◆ Exercise goal
Take from the material every line that contains the word "працівників".
(Entries provided begins)
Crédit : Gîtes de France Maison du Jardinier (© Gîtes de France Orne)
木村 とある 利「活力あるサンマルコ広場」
(Entries provided ends)
(Entries provided begins)
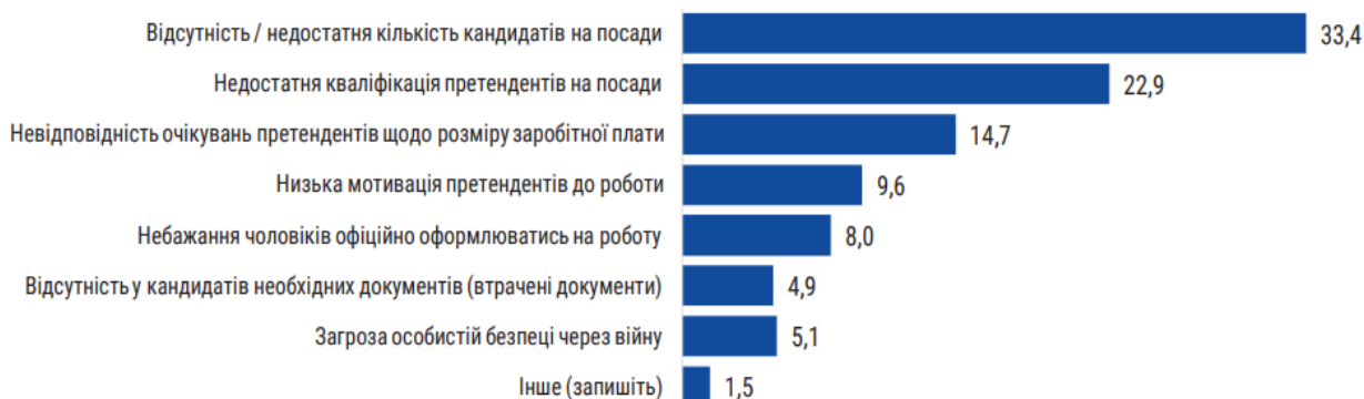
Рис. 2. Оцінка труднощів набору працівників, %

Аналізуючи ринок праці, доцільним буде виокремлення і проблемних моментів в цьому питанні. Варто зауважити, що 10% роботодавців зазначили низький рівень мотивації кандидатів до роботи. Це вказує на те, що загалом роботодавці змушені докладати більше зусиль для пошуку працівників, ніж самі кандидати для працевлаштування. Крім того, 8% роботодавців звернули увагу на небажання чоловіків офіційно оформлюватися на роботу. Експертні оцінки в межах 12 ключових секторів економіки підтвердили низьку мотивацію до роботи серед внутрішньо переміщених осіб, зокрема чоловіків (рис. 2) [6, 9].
(Entries provided ends)
◆ Your solution
Рис. 2. Оцінка труднощів набору працівників, %
Аналізуючи ринок праці, доцільним буде виокремлення і проблемних моментів в цьому питанні. Варто зауважити, що 10% роботодавців зазначили низький рівень мотивації кандидатів до роботи. Це вказує на те, що загалом роботодавці змушені докладати більше зусиль для пошуку працівників, ніж самі кандидати для працевлаштування. Крім того, 8% роботодавців звернули увагу на небажання чоловіків офіційно оформлюватися на роботу. Експертні оцінки в межах 12 ключових секторів економіки підтвердили низьку мотивацію до роботи серед внутрішньо переміщених осіб, зокрема чоловіків (рис. 2) [6, 9].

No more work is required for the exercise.